Gateway Mining (ASX:GML) maps a 4km gold core with silver pointing straight at it

High-grade silver halo around a dolerite-hosted gold trend is the kind of vector a Golden Mile playbook chases

Aircore drilling rarely produces results that genuinely reframe a project, but Gateway Mining (ASX:GML) has just released a set that does. The maiden program at the Great Western target inside the Yandal Gold Project has confirmed a ~4km long gold-mineralised dolerite shear, sitting within a broader hydrothermal footprint traceable over roughly 10km of strike.

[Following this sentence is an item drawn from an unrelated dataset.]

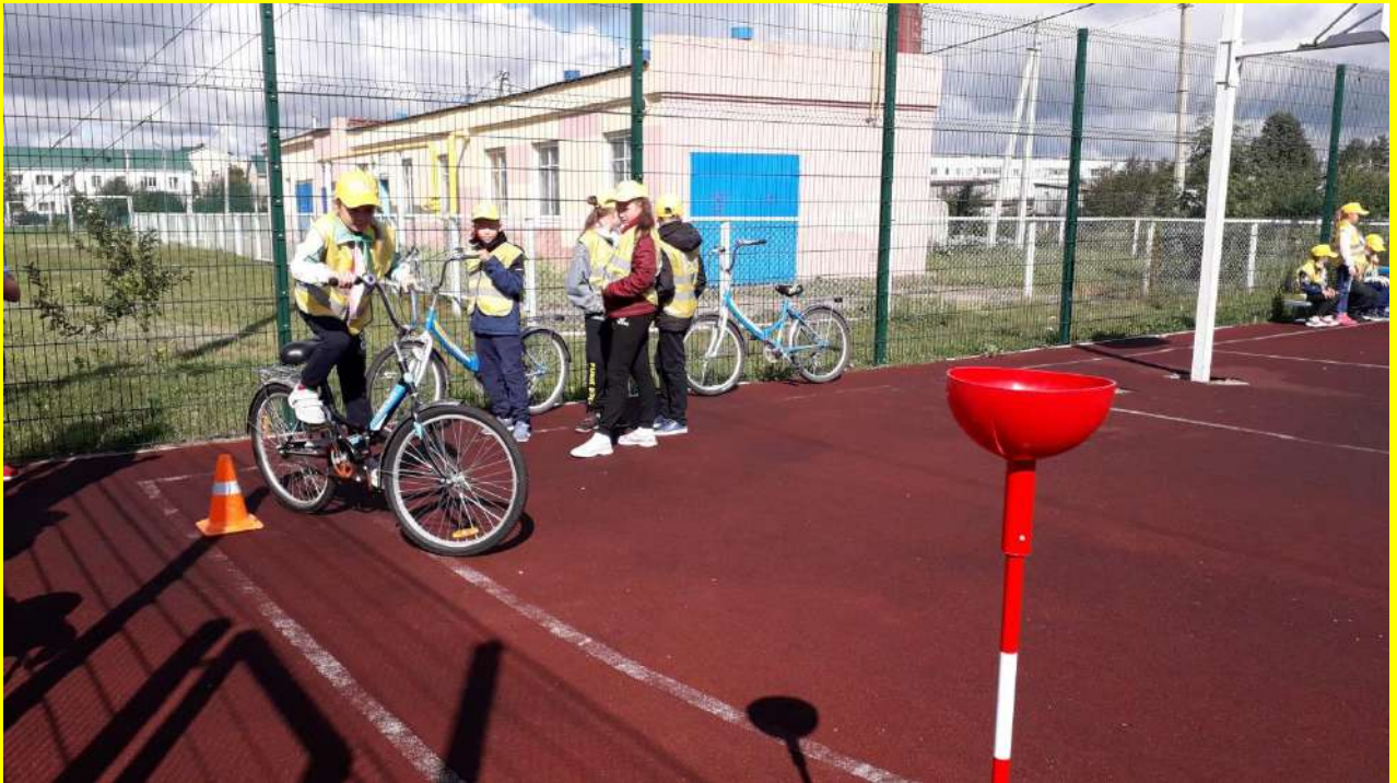
Фото 4. Подготовка к прохождению велотрассы с препятствиями.

What makes the result stand out is not the gold on its own. It is the geochemical zonation around it. A gold-rich core has been mapped along the sheared dolerite contact, with high-grade silver anomalism appearing distally and outward from that core. Standout silver hits include 1m at 89g/t Ag, 1m at 78g/t Ag and 1m at 72g/t Ag, almost all from the bottom of hole.

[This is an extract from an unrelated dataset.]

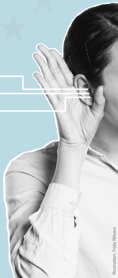
Illustration: Frida Nilsson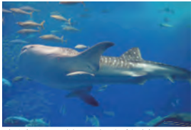
大迫力！ 美ら海水族館のジンベイザメ。

6月18日から2泊3日で、梅雨明け直後の沖縄へ行ってきました。青い空と青い海！セダーメンバーの現実逃避!?! のようすをちょこっとだけご紹介。

That pattern, gold in the hot ductile core and silver in the cooler outer brittle zones, is a textbook signature of large dolerite-hosted Eastern Goldfields systems. The Golden Mile is the obvious analogue. The aircore has only scratched the top of the system, with average hole depth along the shear at just 20 metres, and an RC rig is mobilising this week to test what sits underneath.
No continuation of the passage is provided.